— Publié le 13 décembre 2024

Pour Morinari Watanabe, le CIO doit tout revoir

Institutions Focus

Qui succèdera à Thomas Bach à la présidence du CIO ? A un peu plus de trois mois du vote de la session, prévu en mars prochain en Grèce (18 au 21), la réponse reste aussi incertaine qu’au moment de l’annonce des sept candidats. Elle pourrait bien le rester jusqu’au jour du scrutin, malgré l’exercice périlleux de la présentation des postulants, le 30 janvier à Lausanne, un grand oral de 15 minutes où chacun sera invité à dévoiler son programme et exposer sa vision.

Une chose est sûre : le vent du changement ne soufflera pas forcément de là où il est le plus attendu. Certes, Sebastian Coe a démontré à Word Athletics, depuis sa prise de pouvoir en août 2015, qu’il n’était jamais en retard d’une idée ou d’une initiative pour modifier le décor. Mais ses récentes déclarations le suggèrent : Morinari Watanabe ne craint pas lui non plus de secouer le cocotier.

Le Japonais, président de la Fédération internationale de gymnastique (FIG) depuis 2017, récemment réélu pour un nouveau mandat, promet même de tout revoir dans deux des secteurs majeurs du CIO : le marketing et la gouvernance. Il l’a expliqué cette semaine dans une interview accordée à Reuters : la stratégie marketing actuelle n’est plus adaptée, et le pouvoir de la commission exécutive nettement surdimensionné.

Le marketing, d’abord. Morinari Watanabe l’a noté, comme le reste du mouvement olympique, mais sans doute avec un peu plus d’attention : les partenaires japonais du CIO au sein du programme mondial TOP, Toyota, Bridgestone et Panasonic, vont quitter le navire à la fin de l’année.

Pour le président de la FIG, leur départ à la même date ne doit rien au hasard. Il est l’illustration d’un décalage entre la somme investie et le retour obtenu. Très élevée d’un côté, modéré de l’autre. Les partenaires payent cher, et même très cher, mais sans la moindre visibilité sur les sites de compétition.

« De nombreuses entreprises japonaises souhaitent parrainer les Jeux olympiques, elles veulent apporter leur soutien, mais elles ont bien sûr besoin de valeur ajoutée, a expliqué Morinari Watanabe. Jusqu’à présent, l’équilibre n’est pas bon. Beaucoup d’argent est versé, mais le partenaire n’en tire pas les bénéfices. C’est un problème. Si je présidais une grande entreprise, je proposerais plutôt de regarder vers le football, car il autorise la publicité ».

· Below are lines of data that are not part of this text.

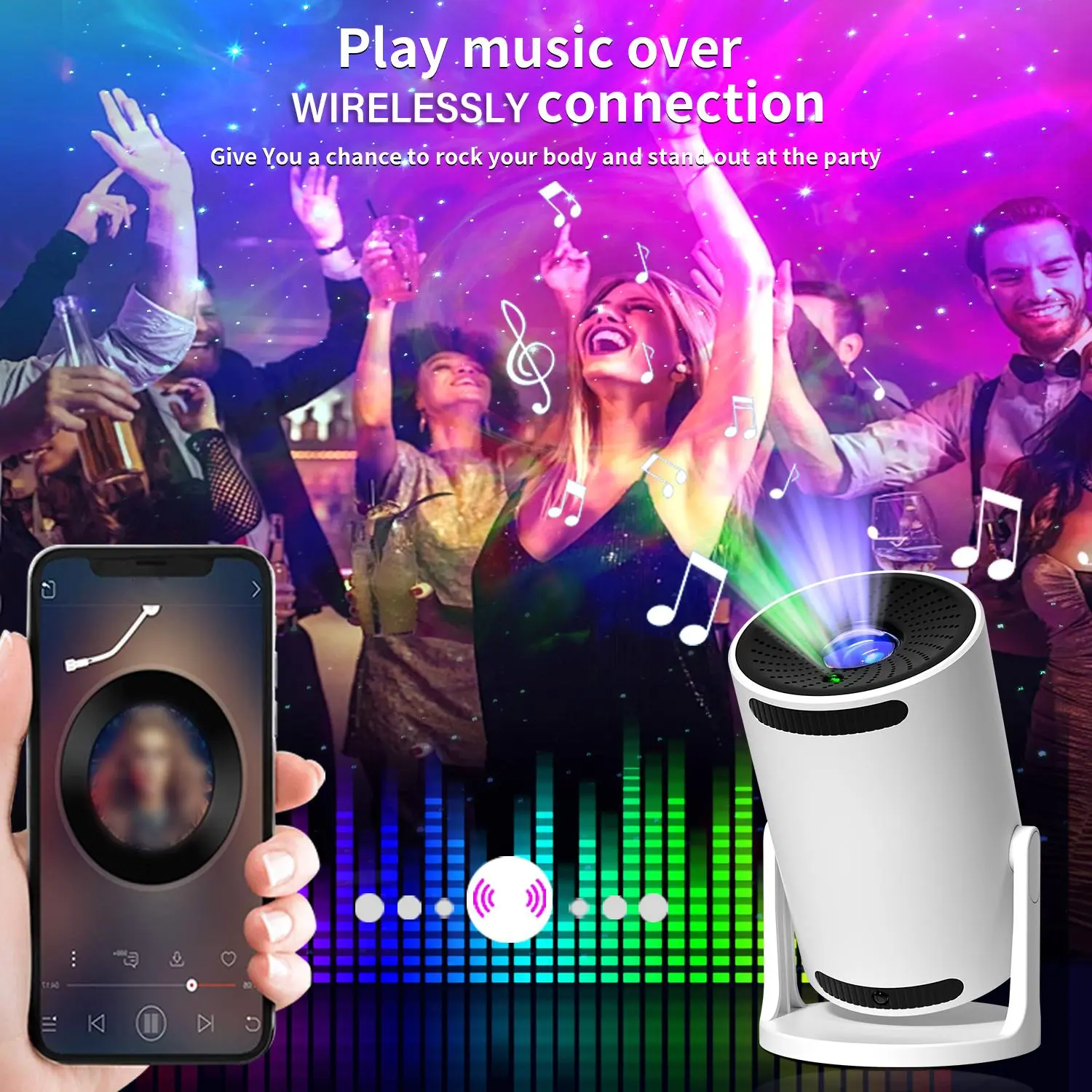 5. Galaxy Projector Star Lamp, Starry Sky Projector, Space Star Projection Decorative Light with Wireless Speaker, Remote Control Dimmable Timed Color Changing Projector Lamp for Home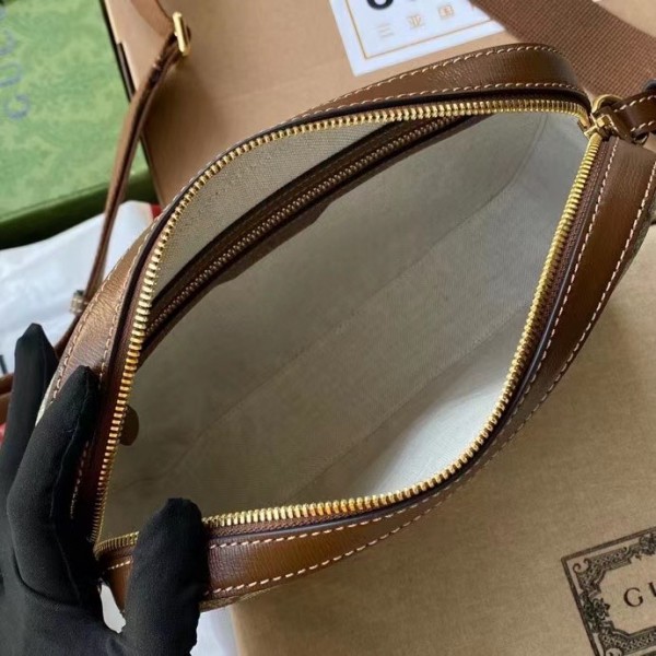 The Interlocking G has remained one of the most symbolic codes of the House since its introduction. The distinguishing emblem appears as a leather detail atop this messenger bag. Completing the design’s logo feel, the style is crafted from monogram canvas.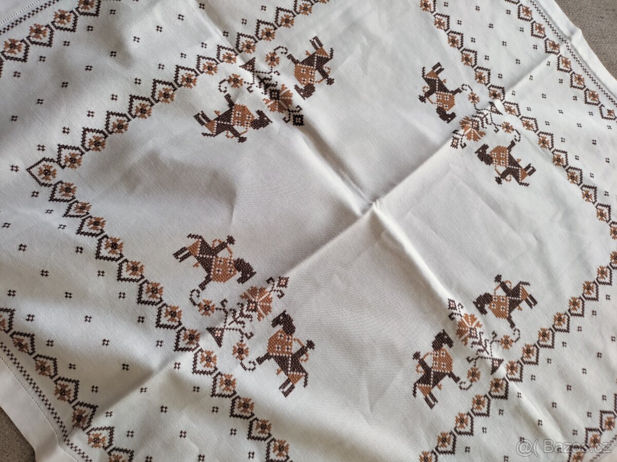 Ručně vyšívaný ubrus, rozměr 80 x 80 cm, vzor koníků

Le Japonais insiste : le moment est venu pour le CIO, avec la perspective d’un nouveau président à la fin du mois de juin prochain, de changer son approche. « Le système de marketing actuel, où il est demandé 200 ou 300 millions pour utiliser seulement les anneaux, ne peut pas continuer », explique-t-il.

Les faits lui donnent raison, mais les chiffres le contredisent. Certes, les trois partenaires mondiaux du CIO au Japon ont pris la décision de dépenser leur argent ailleurs. Et l’instance n’a toujours pas annoncé l’arrivée d’un nouveau grand nom au sein du programme TOP, malgré la rumeur de la signature à venir d’un sponsor indien. Mais Lausanne a récemment déclaré avoir sécurisé des revenus commerciaux à hauteur de 13,5 milliards de dollars pour les deux prochaines olympiades.

Autre changement souhaité par Morinari Watanabe : la gouvernance. Le sujet est glissant, mais le Japonais s’y risque. Il ne craint pas de dire tout haut ce que beaucoup, dans le mouvement olympique, murmurent seulement en coulisses : la commission exécutive est devenue trop puissante. Elle décide de tout, laissant seulement aux autres membres le maigre privilège de valider en session des décisions déjà prises.

« Beaucoup de gens veulent être impliqués dans les décisions du CIO, car nous sommes une grande famille sportive. Mais la commission exécutive est trop forte, a confié le Japonais à Reuters. Beaucoup de choses sont décidées uniquement par les membres de la commission ou par le président. Ce n’est pas très bon. Le CIO doit respecter les fédérations internationales et les comités nationaux olympiques. Aujourd’hui, il est devenu trop fort. Les CNO et les FI doivent être plus proches les uns des autres, car aujourd’hui, c’est un peu comme si on leur donnait des instructions ».

Un candidat à la présidence qui propose de réduire le pouvoir de la fonction à laquelle il aspire, voilà une démarche peu fréquente. Mais elle pourrait bien lui faire gagner quelques alliés.